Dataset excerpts
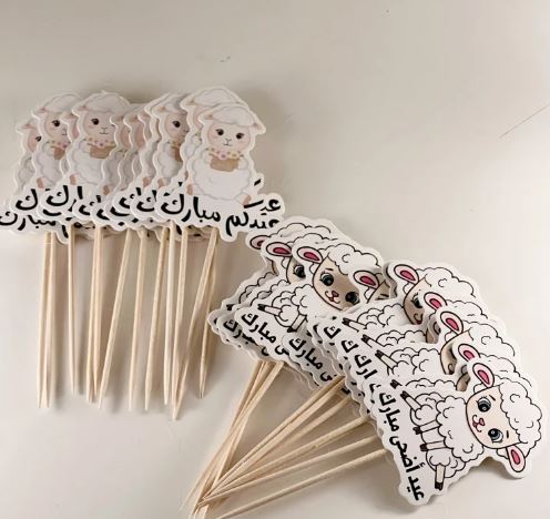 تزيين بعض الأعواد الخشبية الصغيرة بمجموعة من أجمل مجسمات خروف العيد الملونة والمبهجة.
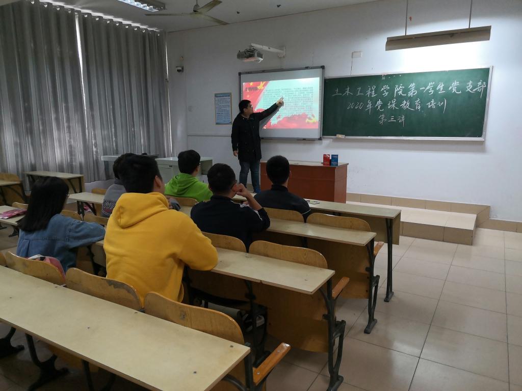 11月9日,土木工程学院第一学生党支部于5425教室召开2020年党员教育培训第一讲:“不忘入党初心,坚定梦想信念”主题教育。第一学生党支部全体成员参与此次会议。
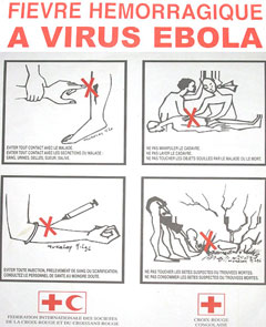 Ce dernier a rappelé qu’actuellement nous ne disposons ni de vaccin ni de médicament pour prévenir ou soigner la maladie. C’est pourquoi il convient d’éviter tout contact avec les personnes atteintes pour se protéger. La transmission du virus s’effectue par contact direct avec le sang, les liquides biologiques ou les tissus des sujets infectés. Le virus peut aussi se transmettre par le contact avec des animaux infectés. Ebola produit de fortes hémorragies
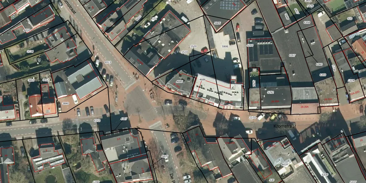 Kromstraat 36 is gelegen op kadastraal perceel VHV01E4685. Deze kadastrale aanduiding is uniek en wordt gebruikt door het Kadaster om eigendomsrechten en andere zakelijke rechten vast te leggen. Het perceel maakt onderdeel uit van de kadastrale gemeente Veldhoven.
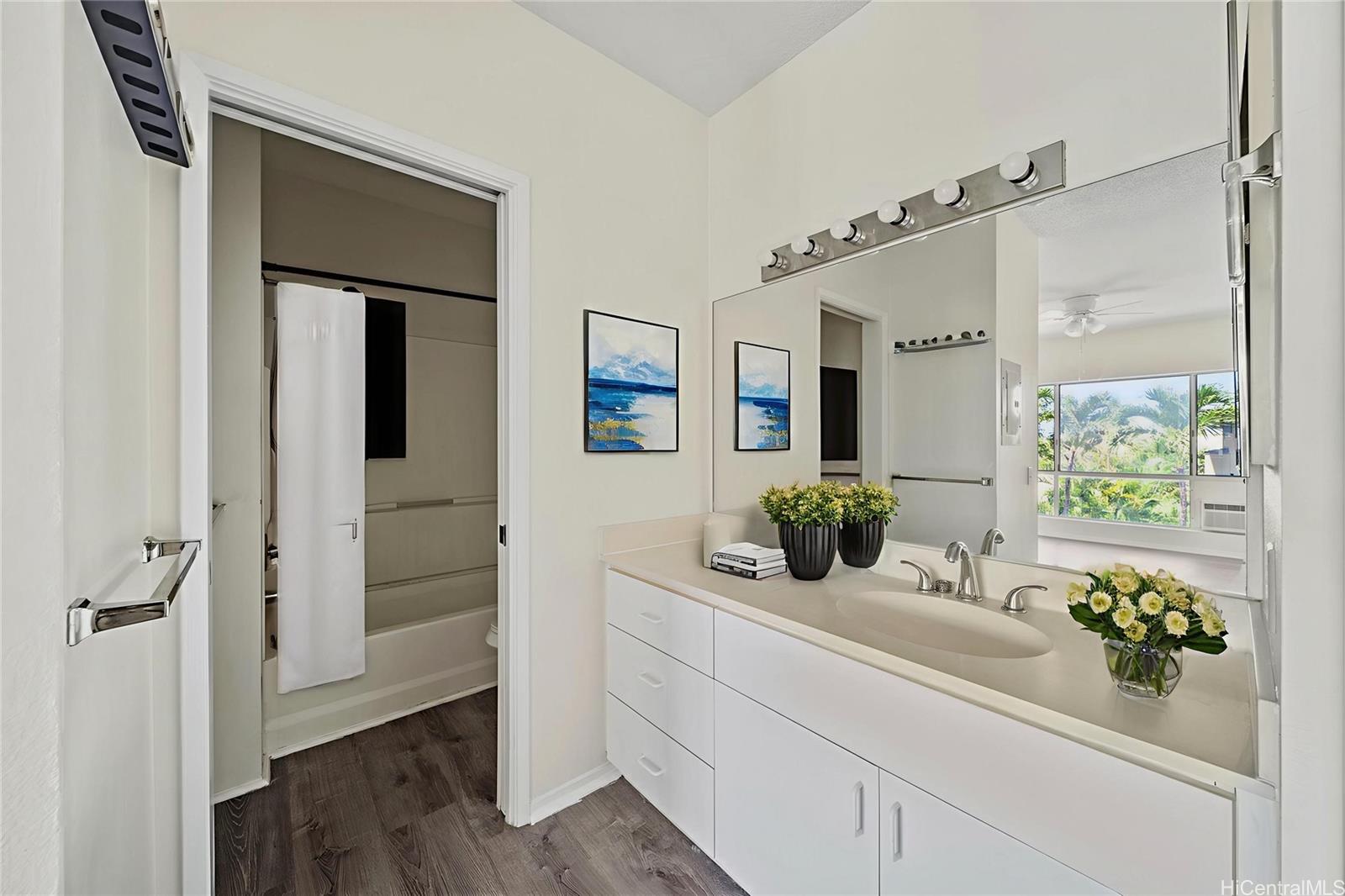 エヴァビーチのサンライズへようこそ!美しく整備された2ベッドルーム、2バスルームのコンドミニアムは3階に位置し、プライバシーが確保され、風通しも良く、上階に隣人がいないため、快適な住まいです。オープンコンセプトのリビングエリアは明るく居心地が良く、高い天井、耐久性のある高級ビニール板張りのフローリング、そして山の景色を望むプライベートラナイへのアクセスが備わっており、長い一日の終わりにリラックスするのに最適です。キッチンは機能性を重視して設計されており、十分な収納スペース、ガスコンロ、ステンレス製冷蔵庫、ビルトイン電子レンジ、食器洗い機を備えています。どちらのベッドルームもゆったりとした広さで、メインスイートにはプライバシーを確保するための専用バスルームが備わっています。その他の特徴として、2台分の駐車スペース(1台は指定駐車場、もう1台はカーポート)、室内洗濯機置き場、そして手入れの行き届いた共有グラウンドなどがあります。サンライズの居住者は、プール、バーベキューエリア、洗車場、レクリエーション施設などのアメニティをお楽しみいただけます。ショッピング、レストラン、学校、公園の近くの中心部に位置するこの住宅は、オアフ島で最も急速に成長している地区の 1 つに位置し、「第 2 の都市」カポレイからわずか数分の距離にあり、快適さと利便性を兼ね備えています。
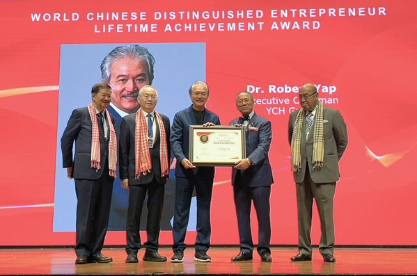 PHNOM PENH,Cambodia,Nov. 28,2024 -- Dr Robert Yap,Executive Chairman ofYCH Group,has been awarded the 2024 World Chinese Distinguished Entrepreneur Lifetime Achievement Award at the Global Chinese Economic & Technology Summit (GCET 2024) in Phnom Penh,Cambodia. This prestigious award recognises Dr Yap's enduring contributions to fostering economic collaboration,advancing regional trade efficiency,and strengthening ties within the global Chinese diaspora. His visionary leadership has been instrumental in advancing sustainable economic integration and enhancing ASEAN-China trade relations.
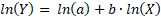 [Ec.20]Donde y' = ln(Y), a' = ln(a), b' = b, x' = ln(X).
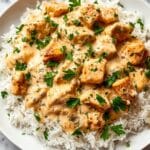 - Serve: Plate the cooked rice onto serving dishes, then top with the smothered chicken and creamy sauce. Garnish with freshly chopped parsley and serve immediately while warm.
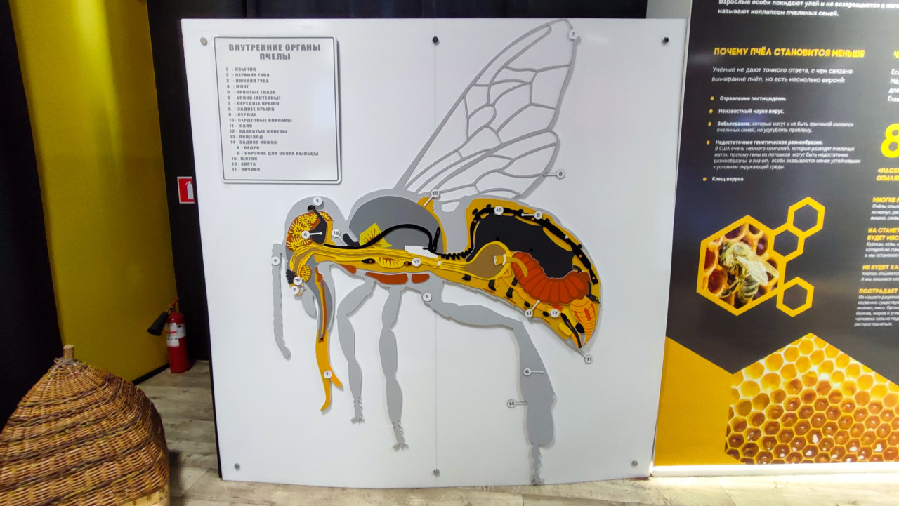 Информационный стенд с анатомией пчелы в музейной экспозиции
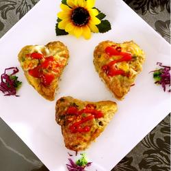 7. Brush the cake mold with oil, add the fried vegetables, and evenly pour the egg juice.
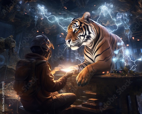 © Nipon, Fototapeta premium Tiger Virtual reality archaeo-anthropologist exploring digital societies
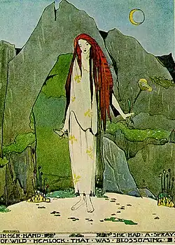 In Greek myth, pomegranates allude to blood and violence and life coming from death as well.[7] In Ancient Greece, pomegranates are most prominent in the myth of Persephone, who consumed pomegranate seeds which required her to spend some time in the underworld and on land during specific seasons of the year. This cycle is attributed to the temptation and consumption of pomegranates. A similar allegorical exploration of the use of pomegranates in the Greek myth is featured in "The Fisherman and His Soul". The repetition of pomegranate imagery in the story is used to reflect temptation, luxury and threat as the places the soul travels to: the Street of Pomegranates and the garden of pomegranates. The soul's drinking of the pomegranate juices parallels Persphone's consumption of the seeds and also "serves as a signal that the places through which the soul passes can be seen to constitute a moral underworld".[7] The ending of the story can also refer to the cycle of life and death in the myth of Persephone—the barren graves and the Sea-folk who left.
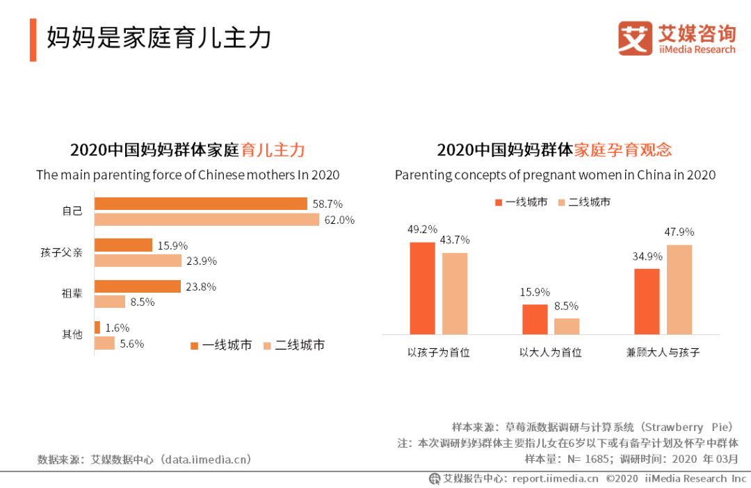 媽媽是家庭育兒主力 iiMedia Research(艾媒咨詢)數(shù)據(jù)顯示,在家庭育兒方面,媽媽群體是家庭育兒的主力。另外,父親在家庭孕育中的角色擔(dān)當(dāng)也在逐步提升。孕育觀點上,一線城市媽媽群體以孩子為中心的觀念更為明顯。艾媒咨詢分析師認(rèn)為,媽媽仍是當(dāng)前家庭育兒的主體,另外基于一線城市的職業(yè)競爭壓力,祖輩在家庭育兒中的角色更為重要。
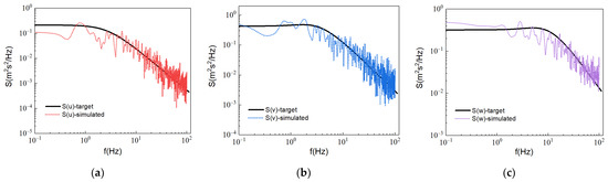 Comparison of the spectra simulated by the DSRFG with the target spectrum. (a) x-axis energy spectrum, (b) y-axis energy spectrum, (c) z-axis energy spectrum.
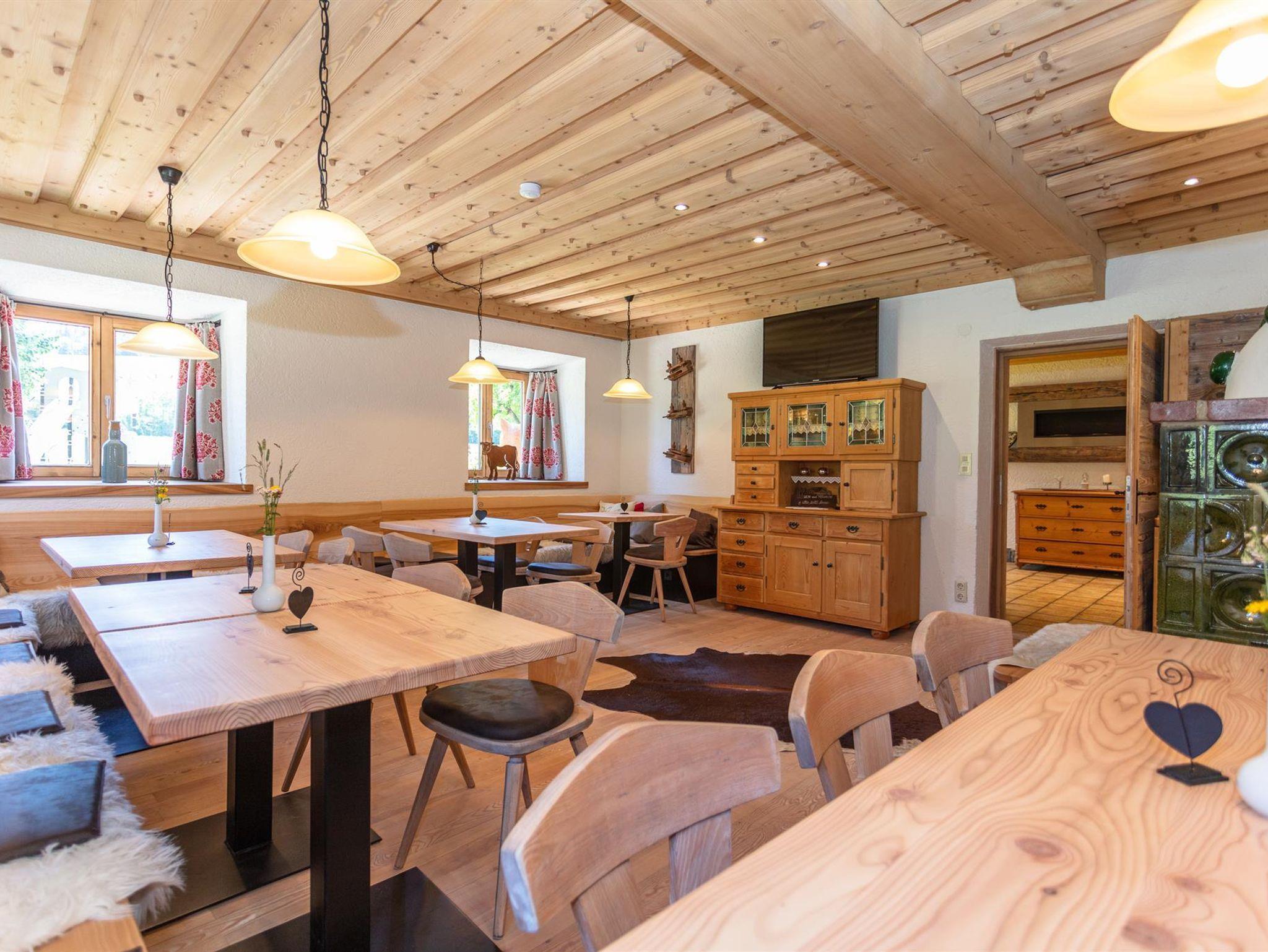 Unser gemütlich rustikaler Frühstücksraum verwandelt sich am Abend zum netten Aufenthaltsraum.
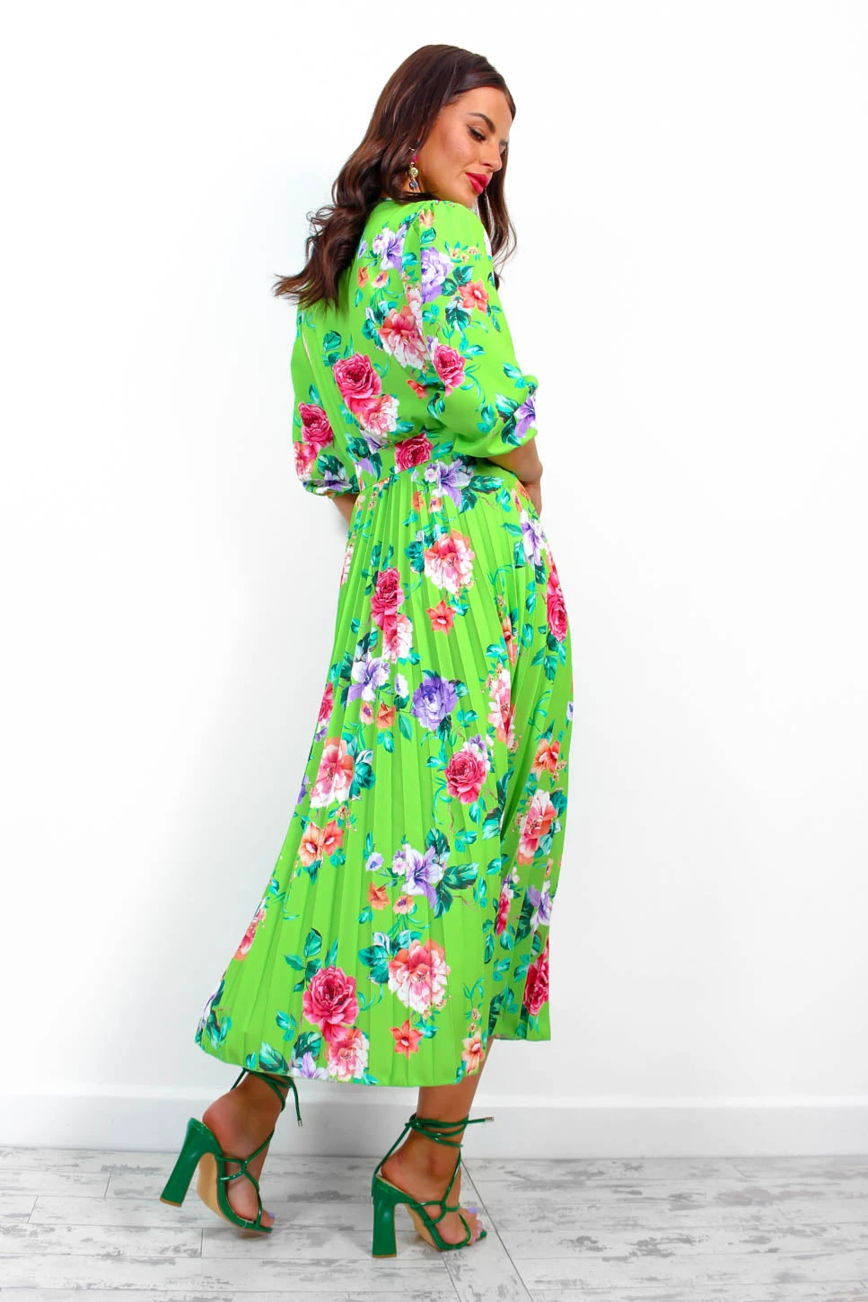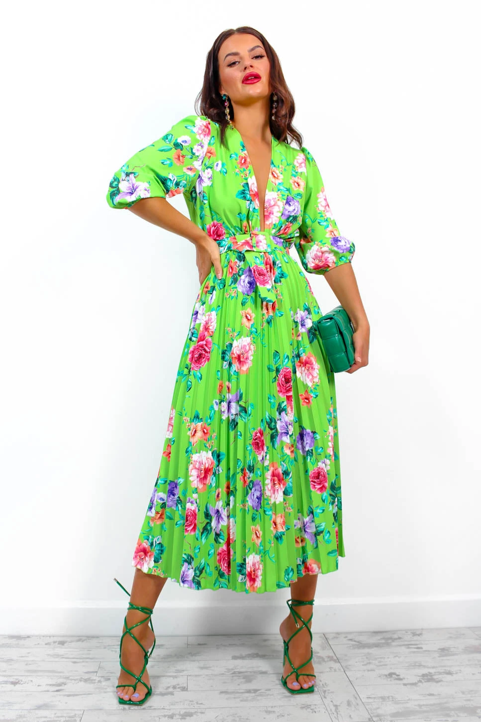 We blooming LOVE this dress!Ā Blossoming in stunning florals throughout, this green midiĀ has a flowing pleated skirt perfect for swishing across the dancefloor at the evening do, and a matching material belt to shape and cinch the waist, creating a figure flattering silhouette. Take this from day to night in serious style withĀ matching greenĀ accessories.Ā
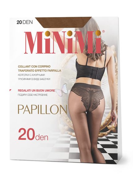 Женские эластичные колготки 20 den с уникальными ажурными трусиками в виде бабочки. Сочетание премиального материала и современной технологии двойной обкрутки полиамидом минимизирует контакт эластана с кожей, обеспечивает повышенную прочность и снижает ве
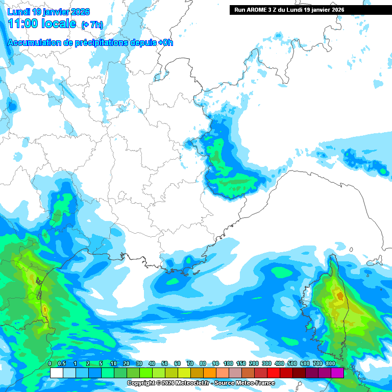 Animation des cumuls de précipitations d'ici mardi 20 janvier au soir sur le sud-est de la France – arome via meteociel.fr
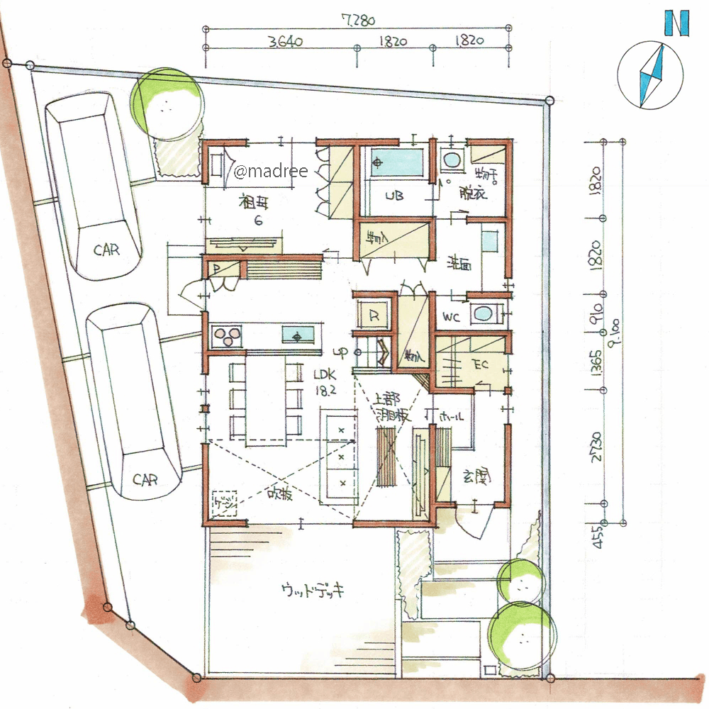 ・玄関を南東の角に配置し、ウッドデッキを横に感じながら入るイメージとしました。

▶ [DIRECTIONS FOR THIS TASK]: Output every line of the records above unchanged, and keep the pictures out.

▶ [YOUR SOLUTION]:
 تزيين بعض الأعواد الخشبية الصغيرة بمجموعة من أجمل مجسمات خروف العيد الملونة والمبهجة.
 11月9日,土木工程学院第一学生党支部于5425教室召开2020年党员教育培训第一讲:“不忘入党初心,坚定梦想信念”主题教育。第一学生党支部全体成员参与此次会议。
 Ce dernier a rappelé qu’actuellement nous ne disposons ni de vaccin ni de médicament pour prévenir ou soigner la maladie. C’est pourquoi il convient d’éviter tout contact avec les personnes atteintes pour se protéger. La transmission du virus s’effectue par contact direct avec le sang, les liquides biologiques ou les tissus des sujets infectés. Le virus peut aussi se transmettre par le contact avec des animaux infectés. Ebola produit de fortes hémorragies
 Kromstraat 36 is gelegen op kadastraal perceel VHV01E4685. Deze kadastrale aanduiding is uniek en wordt gebruikt door het Kadaster om eigendomsrechten en andere zakelijke rechten vast te leggen. Het perceel maakt onderdeel uit van de kadastrale gemeente Veldhoven.
 エヴァビーチのサンライズへようこそ!美しく整備された2ベッドルーム、2バスルームのコンドミニアムは3階に位置し、プライバシーが確保され、風通しも良く、上階に隣人がいないため、快適な住まいです。オープンコンセプトのリビングエリアは明るく居心地が良く、高い天井、耐久性のある高級ビニール板張りのフローリング、そして山の景色を望むプライベートラナイへのアクセスが備わっており、長い一日の終わりにリラックスするのに最適です。キッチンは機能性を重視して設計されており、十分な収納スペース、ガスコンロ、ステンレス製冷蔵庫、ビルトイン電子レンジ、食器洗い機を備えています。どちらのベッドルームもゆったりとした広さで、メインスイートにはプライバシーを確保するための専用バスルームが備わっています。その他の特徴として、2台分の駐車スペース(1台は指定駐車場、もう1台はカーポート)、室内洗濯機置き場、そして手入れの行き届いた共有グラウンドなどがあります。サンライズの居住者は、プール、バーベキューエリア、洗車場、レクリエーション施設などのアメニティをお楽しみいただけます。ショッピング、レストラン、学校、公園の近くの中心部に位置するこの住宅は、オアフ島で最も急速に成長している地区の 1 つに位置し、「第 2 の都市」カポレイからわずか数分の距離にあり、快適さと利便性を兼ね備えています。
 PHNOM PENH,Cambodia,Nov. 28,2024 -- Dr Robert Yap,Executive Chairman ofYCH Group,has been awarded the 2024 World Chinese Distinguished Entrepreneur Lifetime Achievement Award at the Global Chinese Economic & Technology Summit (GCET 2024) in Phnom Penh,Cambodia. This prestigious award recognises Dr Yap's enduring contributions to fostering economic collaboration,advancing regional trade efficiency,and strengthening ties within the global Chinese diaspora. His visionary leadership has been instrumental in advancing sustainable economic integration and enhancing ASEAN-China trade relations.
 [Ec.20]Donde y' = ln(Y), a' = ln(a), b' = b, x' = ln(X).
 - Serve: Plate the cooked rice onto serving dishes, then top with the smothered chicken and creamy sauce. Garnish with freshly chopped parsley and serve immediately while warm.
 Информационный стенд с анатомией пчелы в музейной экспозиции
 7. Brush the cake mold with oil, add the fried vegetables, and evenly pour the egg juice.
 © Nipon, Fototapeta premium Tiger Virtual reality archaeo-anthropologist exploring digital societies
 In Greek myth, pomegranates allude to blood and violence and life coming from death as well.[7] In Ancient Greece, pomegranates are most prominent in the myth of Persephone, who consumed pomegranate seeds which required her to spend some time in the underworld and on land during specific seasons of the year. This cycle is attributed to the temptation and consumption of pomegranates. A similar allegorical exploration of the use of pomegranates in the Greek myth is featured in "The Fisherman and His Soul". The repetition of pomegranate imagery in the story is used to reflect temptation, luxury and threat as the places the soul travels to: the Street of Pomegranates and the garden of pomegranates. The soul's drinking of the pomegranate juices parallels Persphone's consumption of the seeds and also "serves as a signal that the places through which the soul passes can be seen to constitute a moral underworld".[7] The ending of the story can also refer to the cycle of life and death in the myth of Persephone—the barren graves and the Sea-folk who left.
 媽媽是家庭育兒主力 iiMedia Research(艾媒咨詢)數(shù)據(jù)顯示,在家庭育兒方面,媽媽群體是家庭育兒的主力。另外,父親在家庭孕育中的角色擔(dān)當(dāng)也在逐步提升。孕育觀點上,一線城市媽媽群體以孩子為中心的觀念更為明顯。艾媒咨詢分析師認(rèn)為,媽媽仍是當(dāng)前家庭育兒的主體,另外基于一線城市的職業(yè)競爭壓力,祖輩在家庭育兒中的角色更為重要。
 Comparison of the spectra simulated by the DSRFG with the target spectrum. (a) x-axis energy spectrum, (b) y-axis energy spectrum, (c) z-axis energy spectrum.
 Unser gemütlich rustikaler Frühstücksraum verwandelt sich am Abend zum netten Aufenthaltsraum.
 We blooming LOVE this dress!Ā Blossoming in stunning florals throughout, this green midiĀ has a flowing pleated skirt perfect for swishing across the dancefloor at the evening do, and a matching material belt to shape and cinch the waist, creating a figure flattering silhouette. Take this from day to night in serious style withĀ matching greenĀ accessories.Ā
 Женские эластичные колготки 20 den с уникальными ажурными трусиками в виде бабочки. Сочетание премиального материала и современной технологии двойной обкрутки полиамидом минимизирует контакт эластана с кожей, обеспечивает повышенную прочность и снижает ве
 Animation des cumuls de précipitations d'ici mardi 20 janvier au soir sur le sud-est de la France – arome via meteociel.fr
 ・玄関を南東の角に配置し、ウッドデッキを横に感じながら入るイメージとしました。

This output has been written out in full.